3 Restaurant Stocks That Doubled in Value This Year

Updated
3 Restaurant Stocks That Doubled in Value This Year

Now that the end of the year is upon us, it's time to have a look at which restaurant names performed the best in 2013. We're always on the lookout to see if we can pick the next winner. With these three names, had you picked them one year ago today, you would have already doubled your money. Is their run set to continue and will they still be winners in 2014?

This hamburger chain outshines the big boys
Sonic outperformed its larger rivals by a wide margin this year. Shares are up more than 103% in the past 52 weeks.

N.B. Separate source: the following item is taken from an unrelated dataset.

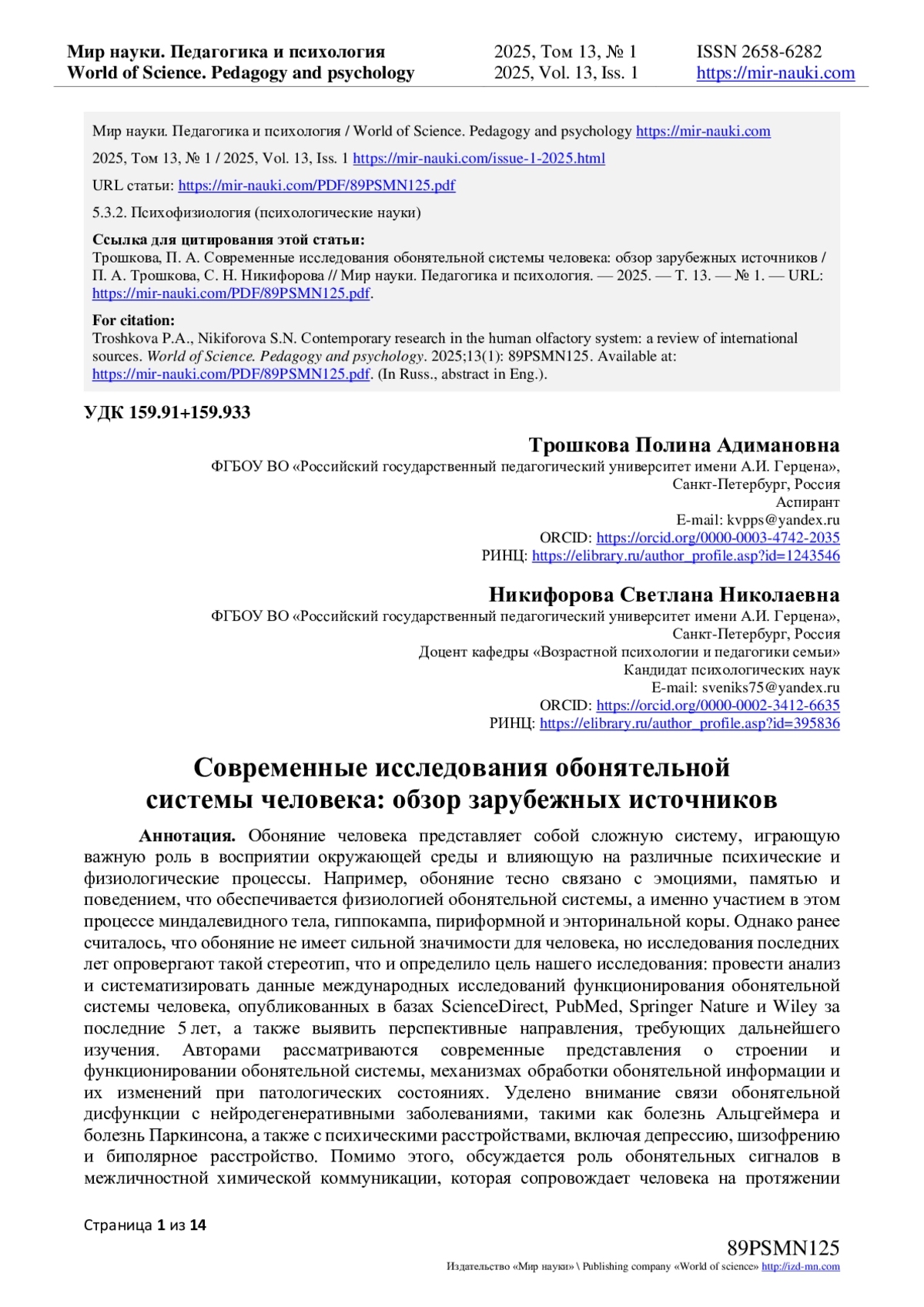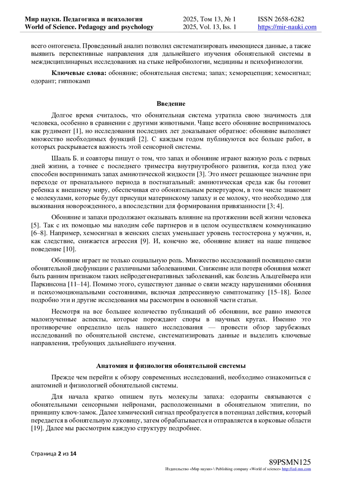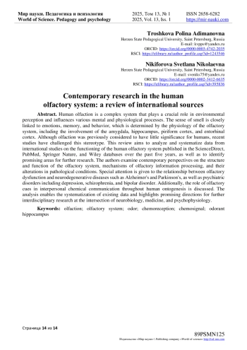 Обоняние человека представляет собой сложную систему, играющую важную роль в восприятии окружающей среды и влияющую на различные психические и физиологические процессы. Например, обоняние тесно связано с эмоциями, памятью и поведением, что обеспечивается физиологией обонятельной системы, а именно участием в этом процессе миндалевидного тела, гиппокампа, пириформной и энторинальной коры. Однако ранее считалось, что обоняние не имеет сильной значимости для человека, но исследования последних лет опровергают такой стереотип, что и определило цель нашего исследования: провести анализ и систематизировать данные международных исследований функционирования обонятельной системы человека, опубликованных в базах ScienceDirect, PubMed, Springer Nature и Wiley за последние 5 лет, а также выявить перспективные направления, требующих дальнейшего изучения. Авторами рассматриваются современные представления о строении и функционировании обонятельной системы, механизмах обработки обонятельной информации и их изменений при патологических состояниях. Уделено внимание связи обонятельной дисфункции с нейродегенеративными заболеваниями, такими как болезнь Альцгеймера и болезнь Паркинсона, а также с психическими расстройствами, включая депрессию, шизофрению и биполярное расстройство. Помимо этого, обсуждается роль обонятельных сигналов в межличностной химической коммуникации, которая сопровождает человека на протяжении всего онтогенеза. Проведенный анализ позволил систематизировать имеющиеся данные, а также выявить перспективные направления для дальнейшего изучения обонятельной системы в междисциплинарных исследованиях на стыке нейробиологии, медицины и психофизиологии.

Sonic was one of my picks this year when I wrote about it in "America's Drive-In Is the Place to Be." One of the key things that attracted me to Sonic is its growth potential. Many people have never even heard of Sonic, particularly on the East Coast where the company lacks the presence of its bigger rivals. To increase awareness, Sonic tailored its ad campaign with 70% of all ad-buys now on national cable.

The chain benefited from doing a number of things right this year. A significant driver of sales for the company has been its "Happy Hour" between lunch and dinner. To get customers through its doors, Sonic advertised its 1 million drink permutations and offered all beverages at half-off. This time of the day, when restaurants are typically the slowest, now accounts for about 23% of all sales.


Going forward, it looks like Sonic's run has taken its course. Same-store sales are forecast to grow in the low single-digit range. Shares dropped more than 6% on this news as the market is looking for stronger growth to continue sending shares higher.

This wing company took off
Shares of Buffalo Wild Wings took off this year with a rise of more than 104%. The numbers pretty much speak for themselves as to why shares have risen so much this year. In the most recent quarter, total sales increased 27.9% and net earnings increased 66.9%. I discussed Buffalo Wild Wings' relationship with PizzaRev in an article entitled "Will New Concepts From Chipotle and Buffalo Wild Wings Take Off?"

PizzaRev is looking to do for pizza what Chipotle Mexican Grill did for burritos and tacos. PizzaRev allows you to pick the pizza you want, choose your ingredients, and then see the pizza get made right in front of your eyes in three to four minutes. Buffalo Wild Wings is a minority owner of PizzaRev and will become the pizza chain's first franchisee.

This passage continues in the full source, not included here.